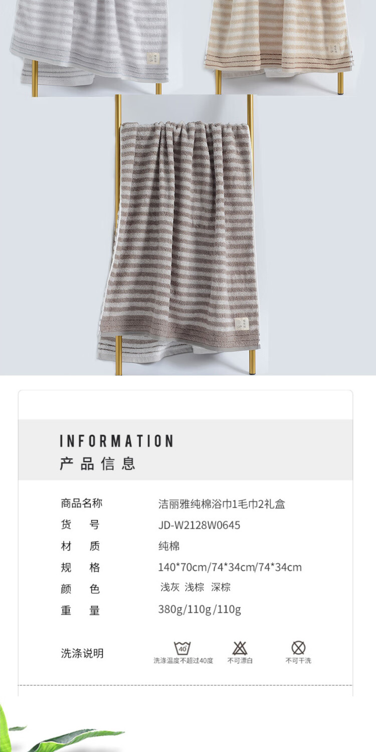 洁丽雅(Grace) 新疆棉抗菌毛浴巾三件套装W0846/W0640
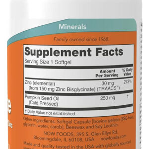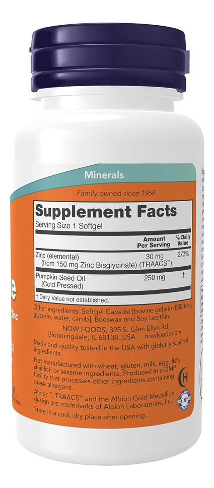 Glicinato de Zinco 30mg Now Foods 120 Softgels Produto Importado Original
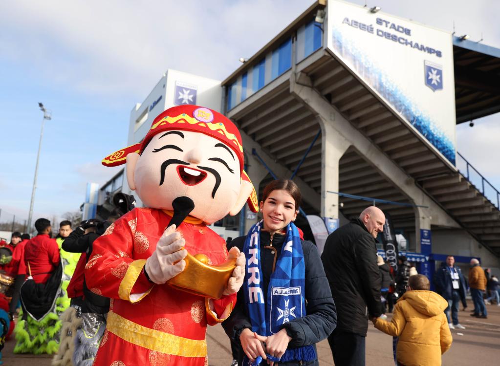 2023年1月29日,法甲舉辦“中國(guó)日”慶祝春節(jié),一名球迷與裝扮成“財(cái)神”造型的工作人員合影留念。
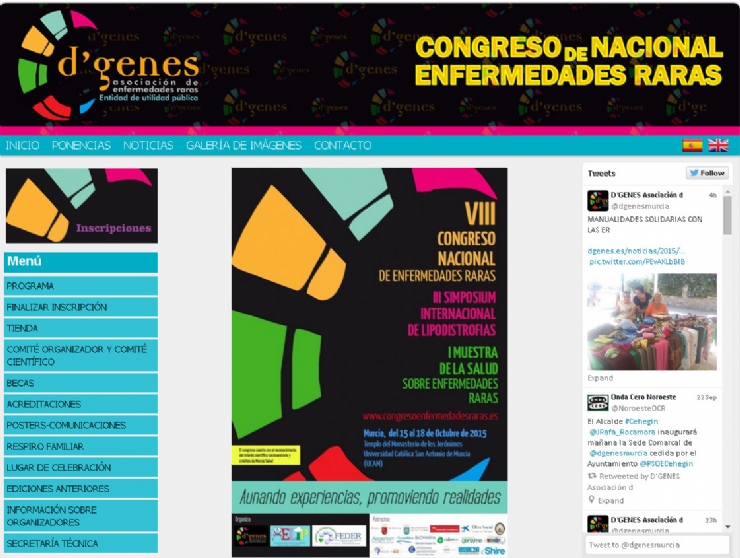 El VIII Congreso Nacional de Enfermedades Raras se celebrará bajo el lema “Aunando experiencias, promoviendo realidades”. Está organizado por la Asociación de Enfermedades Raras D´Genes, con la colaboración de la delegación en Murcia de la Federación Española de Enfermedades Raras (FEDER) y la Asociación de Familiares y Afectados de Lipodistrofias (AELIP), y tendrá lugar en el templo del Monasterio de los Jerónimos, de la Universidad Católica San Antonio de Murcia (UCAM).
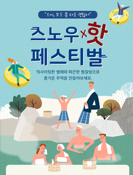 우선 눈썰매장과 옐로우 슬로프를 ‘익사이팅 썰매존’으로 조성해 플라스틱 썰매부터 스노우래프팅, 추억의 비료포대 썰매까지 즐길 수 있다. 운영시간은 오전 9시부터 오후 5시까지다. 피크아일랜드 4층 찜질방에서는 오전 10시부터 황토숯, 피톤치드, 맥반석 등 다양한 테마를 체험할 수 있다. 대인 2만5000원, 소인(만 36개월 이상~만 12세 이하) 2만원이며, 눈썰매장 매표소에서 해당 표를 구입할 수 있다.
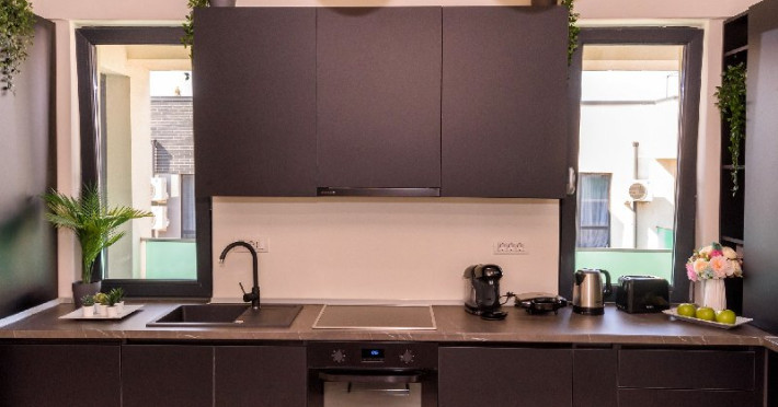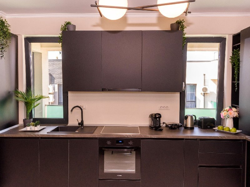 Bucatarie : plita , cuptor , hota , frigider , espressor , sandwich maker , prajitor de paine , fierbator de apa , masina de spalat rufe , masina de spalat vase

┄┄┄┄┄┄┄┄┄┄┄┄┄┄┄┄┄┄┄┄

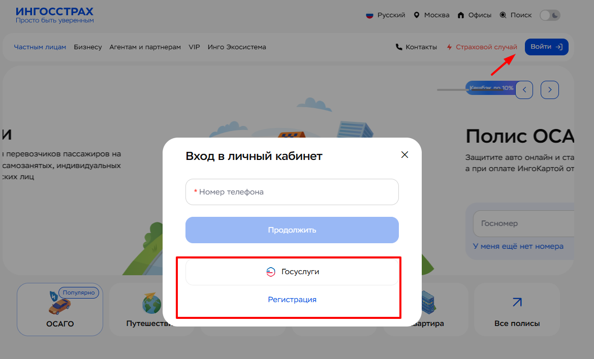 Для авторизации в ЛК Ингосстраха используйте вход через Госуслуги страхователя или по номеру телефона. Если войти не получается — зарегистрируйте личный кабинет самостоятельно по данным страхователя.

┄┄┄┄┄┄┄┄┄┄┄┄┄┄┄┄┄┄┄┄

WHAT THE EXERCISE ASKS:
Please copy the lines above exactly, starting at the line that holds "洁丽雅(Grace) 新疆棉抗菌毛浴巾三件套装W0846/W0640" and ending at the line that holds "Bucatarie : plita"; include both, but no pictures.

RESPONSE AREA:
 洁丽雅(Grace) 新疆棉抗菌毛浴巾三件套装W0846/W0640
 Glicinato de Zinco 30mg Now Foods 120 Softgels Produto Importado Original
 2023年1月29日,法甲舉辦“中國(guó)日”慶祝春節(jié),一名球迷與裝扮成“財(cái)神”造型的工作人員合影留念。
 El VIII Congreso Nacional de Enfermedades Raras se celebrará bajo el lema “Aunando experiencias, promoviendo realidades”. Está organizado por la Asociación de Enfermedades Raras D´Genes, con la colaboración de la delegación en Murcia de la Federación Española de Enfermedades Raras (FEDER) y la Asociación de Familiares y Afectados de Lipodistrofias (AELIP), y tendrá lugar en el templo del Monasterio de los Jerónimos, de la Universidad Católica San Antonio de Murcia (UCAM).
 우선 눈썰매장과 옐로우 슬로프를 ‘익사이팅 썰매존’으로 조성해 플라스틱 썰매부터 스노우래프팅, 추억의 비료포대 썰매까지 즐길 수 있다. 운영시간은 오전 9시부터 오후 5시까지다. 피크아일랜드 4층 찜질방에서는 오전 10시부터 황토숯, 피톤치드, 맥반석 등 다양한 테마를 체험할 수 있다. 대인 2만5000원, 소인(만 36개월 이상~만 12세 이하) 2만원이며, 눈썰매장 매표소에서 해당 표를 구입할 수 있다.
 Bucatarie : plita , cuptor , hota , frigider , espressor , sandwich maker , prajitor de paine , fierbator de apa , masina de spalat rufe , masina de spalat vase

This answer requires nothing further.